Awesome! Thanks Spotmaster! So really, in your 180, only one part of the tank (the part with the ac110) is having it's surface agitated, and the other side has nothing at all?


----------



## spotmonster (Nov 23, 2006)

In the 180, the surface major agitation occurs in the middle, that's where the AC110 is installed. Near the ends is where I have air lines ran under the sand, so I do get bubbles.

Based on my experience with the 90 gallon, in the future I am going to run 2- FX5's on my 180 and drop the 110. Seal the top like I did with the other tank (with the plastic stuff, not actually "seal it"). And I will probably leave the 2 airlines.


----------



## SupeDM (Jan 26, 2009)

Sent the origional poster a PM. Not sure of rules regarding specifit talk of equipment. Posting here now to share with forum.

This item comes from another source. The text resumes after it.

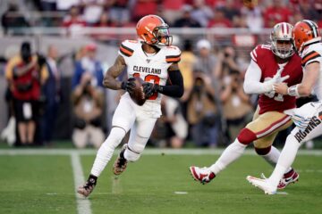 Cleveland Browns wide receiver Odell Beckham rolls out to throw a pass against the San Francisco 49ers. Cary Edmondson, USA TODAY Sports Регулярный сезон
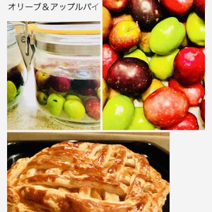 おはようございます🤗 番外編 食欲の秋😋 カラフルなオリーブをいただきました🫒1ヶ月後は、美味しい塩漬けになります💕 花友さんにレシピを教わって、アップルパイにチャレンジしました。 格子状の組み合わせが、ザツに🤣💦でも美味しかったです♡ ありがとうございます🥰

The basics of aeration are not to add oxygen to water. The Idea is to create enough surface agitation to drive off CO2. Water at any specific temperature has a limited ability to hold dissolved gasses. In order to hold more Oxygen we must drive off the CO2 that our fish put into the water Via respiration. Oxygen tends to disolve into water more easily than CO2 there fore if we push out the CO2 and have water moving on the surface of our tanks it will naturaly pick up oxygen. This is the reason that planted tank keepers must push CO2 instead of just agitating the water. Also there are devices made specificly to help CO2 dissolve into water. I will push it a little on the rules here and Say that because of the internal spraybars and biowheels the emp 400 is hands down the king of offgassing CO2 and agitating the water as far as HOBs are concerned. If you would like to test this theory put one on your High Tech planted tank and watch the readings and watch it increase the CO2 output. MY bubble counter was going so fast i couldnt even count them when i had the filter with biowheels on it. Without it is 5-15 per minute depending on time of day and last water change. If i am violating any serious rule with this post please PM me and do what is necessary to fix it.


----------